:: Problem ::
Retype the lines below exactly, but only those from the line that has "Новом Уренгое купить" through the line that has "1.Who is Rikyu?―千利休とは". Omit every picture.
Start of Block
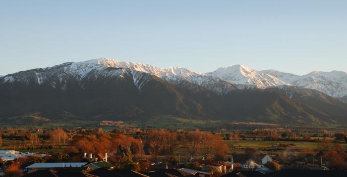 The early morning sun casts a beautiful golden hue over the township of Kaikoura. Mount Fyffe is the peak on the left of the photo.
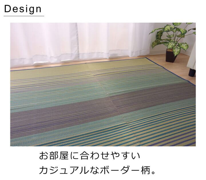 お部屋に敷きやすいカジュアルない草ラグです。裏面には滑りにくい加工をした不織布を使用しているため、フローリングにも最適です。い草には空気の自然浄化作用、湿度の調節作用などがあります。い草に青森ヒバ加工を施しています。(抗菌、防臭効果)
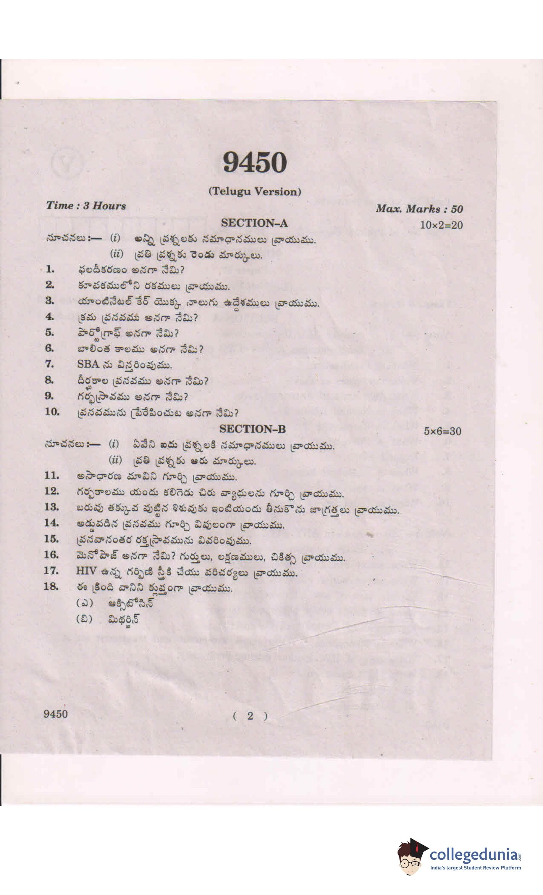 AP Intermediate 2nd year Midwifery Question Paper 2019 with Answer Key
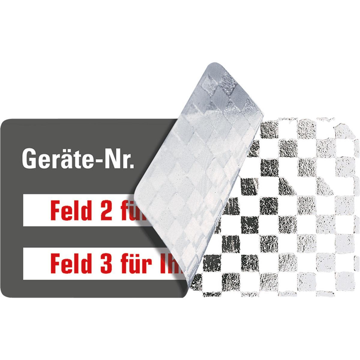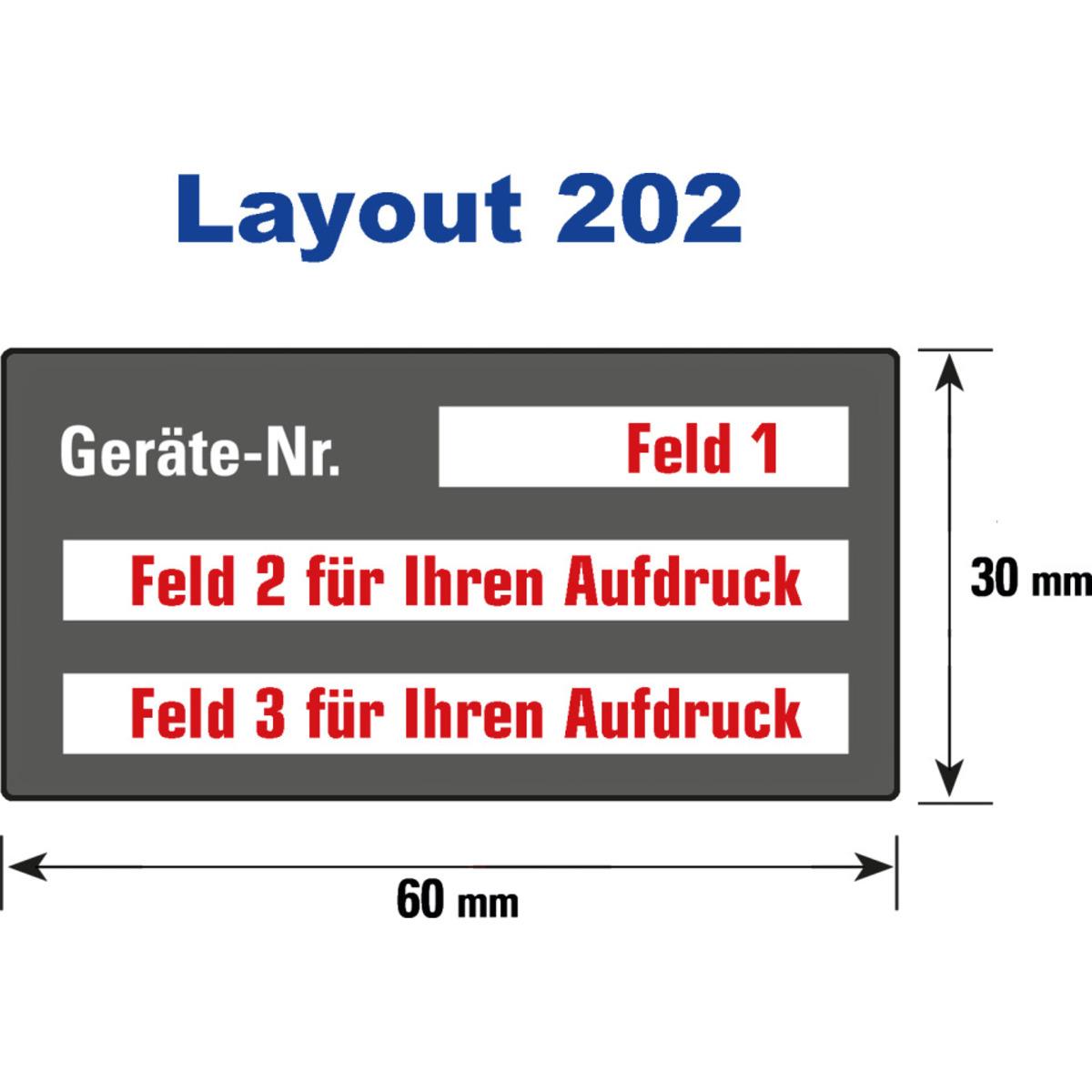 Auswahl: Inventaretikett Geräte-Nr., 3 Felder Text nach Wunsch, Schachbrettfolie, 60x30mm, 9/Bogen
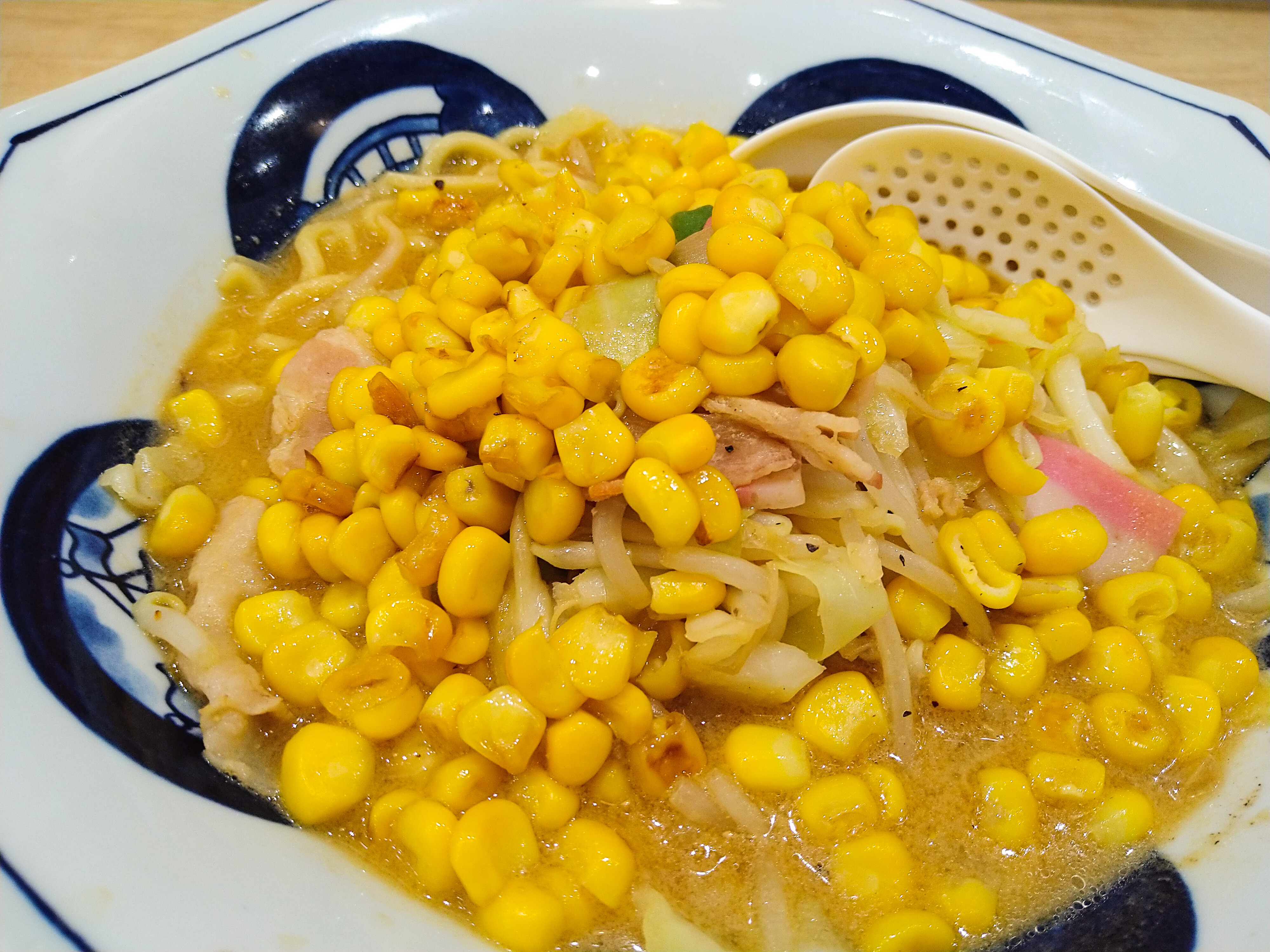 トッピングは、コーン・野菜とか・海老とか・カマボコとか。なにやら北海道のスイートコーンが100g乗っているらしいけど、その下では普通にちゃんぽんしていました。
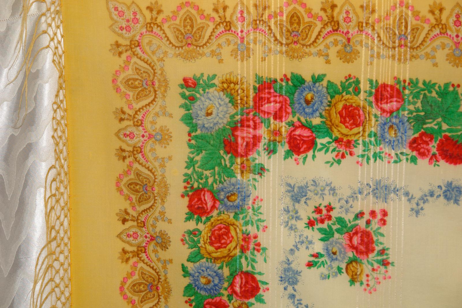У этой шали кайма яркого жёлтого цвета. Цвет каймы на фотографии передан точно, а средник оказался немного светлее реального нежно-кремового
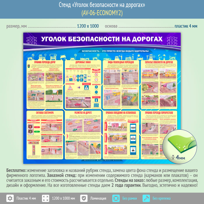 Стенд «Уголок безопасности на дорогах» (AV-06-ECONOMY2) в Новом Уренгое купить
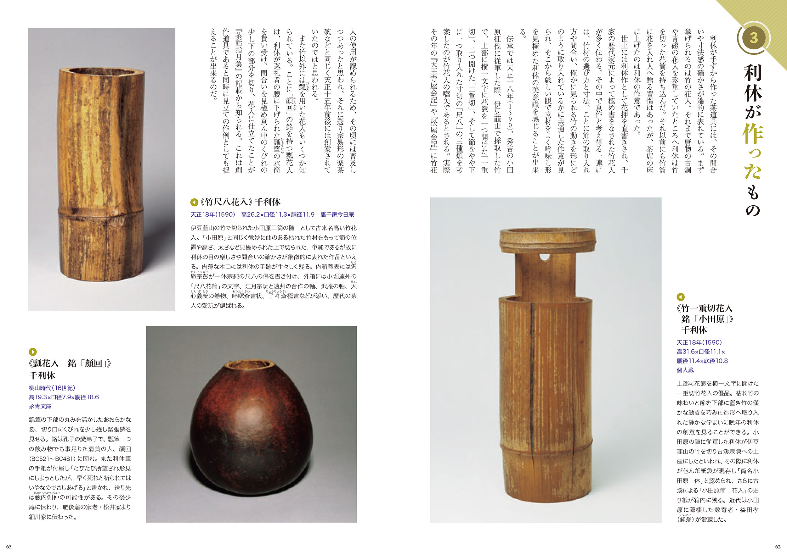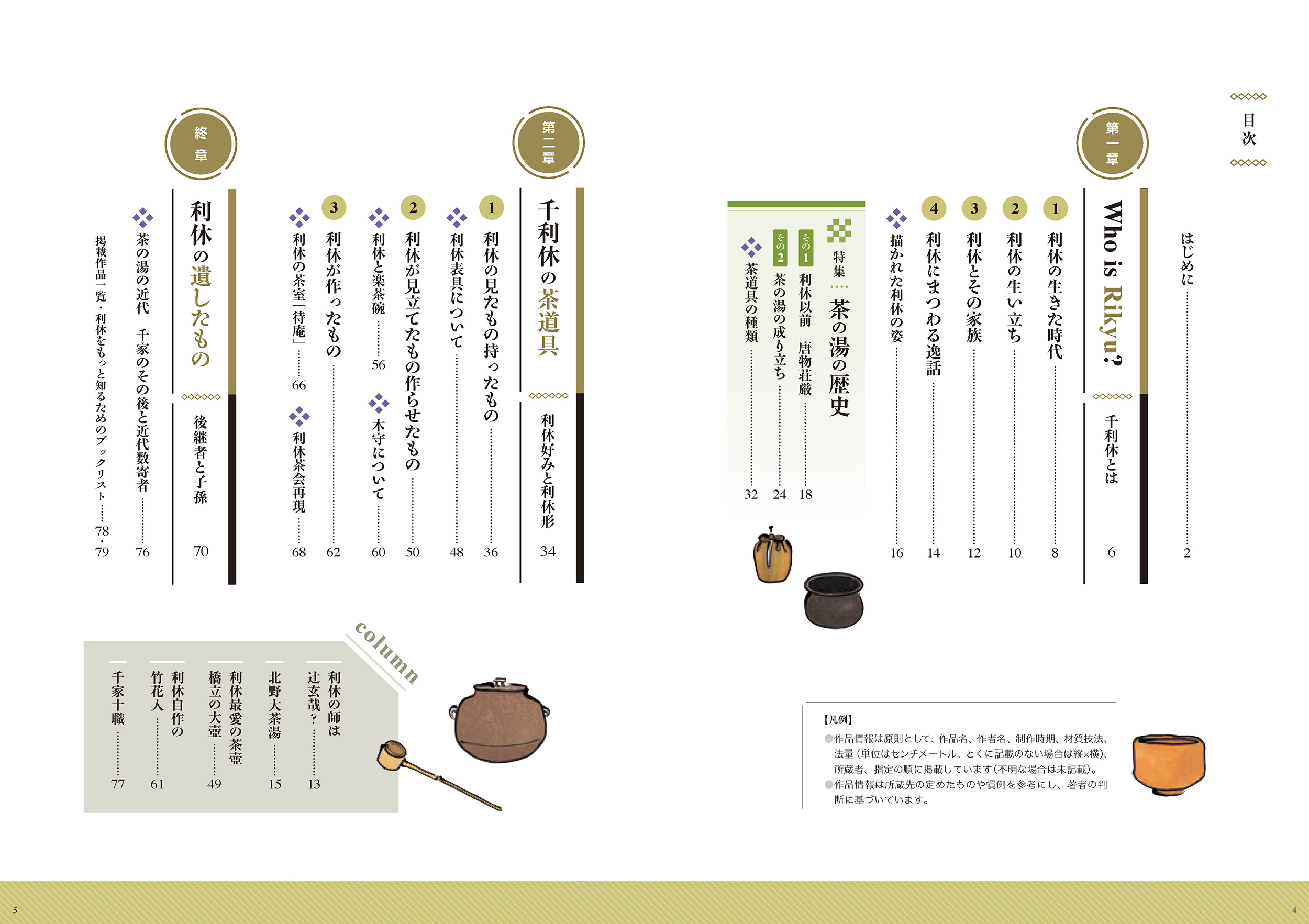 1.Who is Rikyu?―千利休とは 2.千利休の茶道具―利休好みと利休形 3.利休の遺したもの―後継者と子孫 特集:茶の湯の歴史
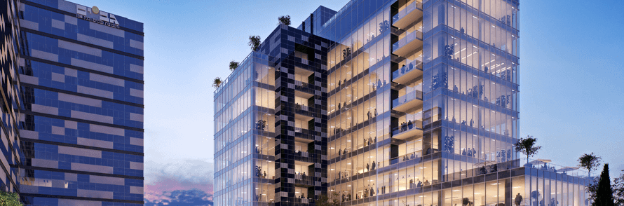 Twelve-story office building. The project has a curtain-wall system of Axtel Matrix 50; typical floor height of 4230 mm (14 ft.); commercial floor height of 6100 mm (20 ft.); Low-E 60T insulation with black insulation glass on office floors; insulation triplex glass on the commercial floor.
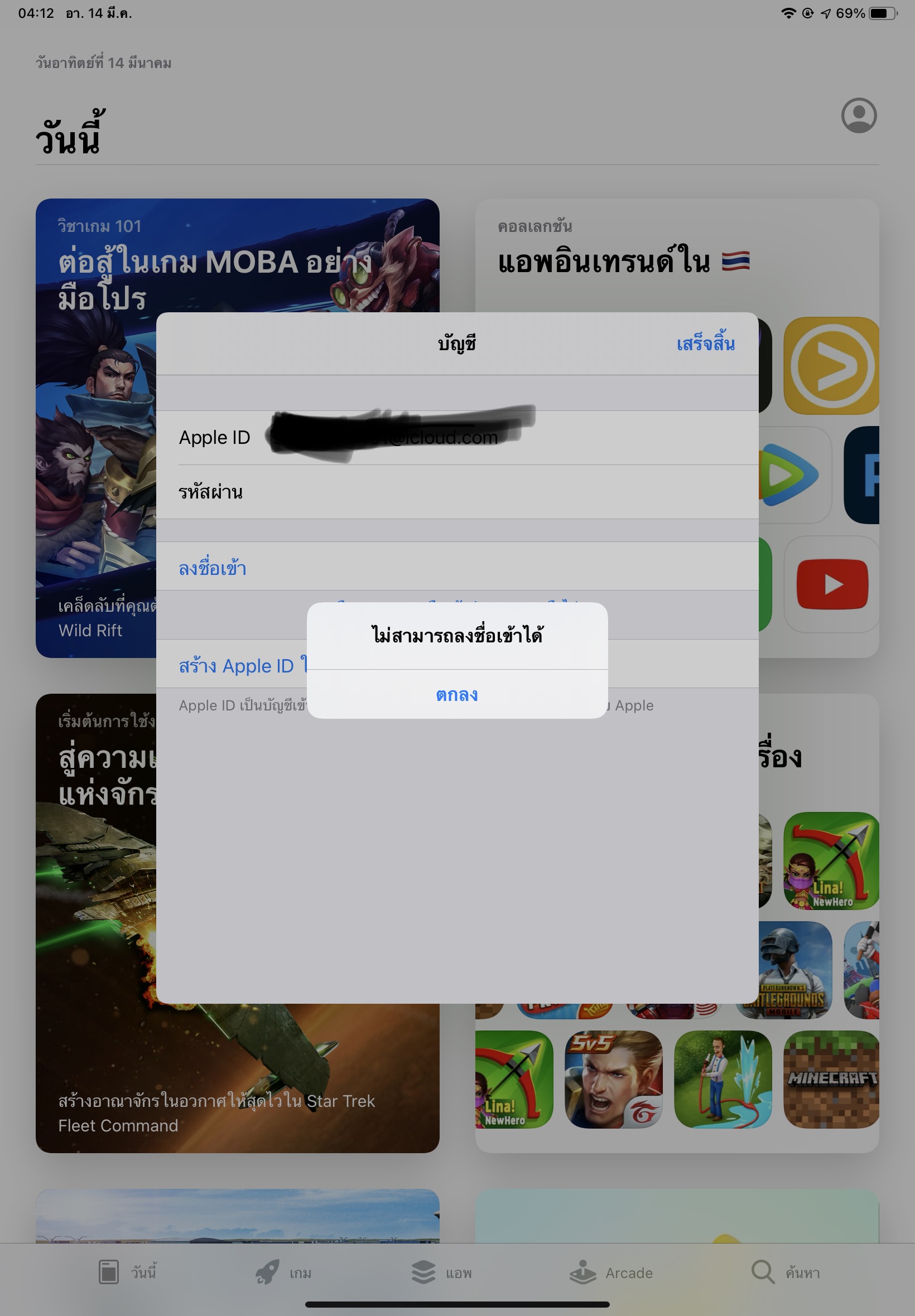 ล็อคอิน App Store ใน IPad ไม่ได้
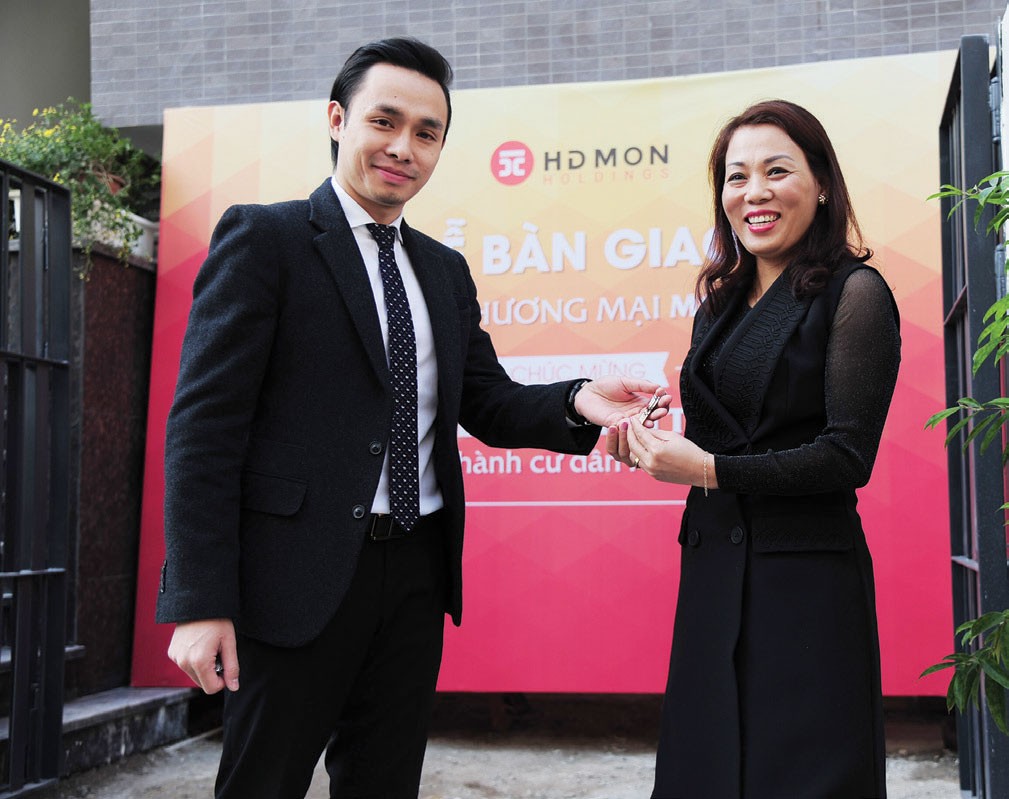 Ông Nguyễn Anh Tuấn, Tổng giám đốc HD Mon Holdings - Công ty mẹ của HD Mon Real Estate - trao tận tay chị Thủy bộ chìa khóa sở hữu căn nhà phố thương mại đầu tiên
End of Block
:: Response ::
 Стенд «Уголок безопасности на дорогах» (AV-06-ECONOMY2) в Новом Уренгое купить
 1.Who is Rikyu?―千利休とは 2.千利休の茶道具―利休好みと利休形 3.利休の遺したもの―後継者と子孫 特集:茶の湯の歴史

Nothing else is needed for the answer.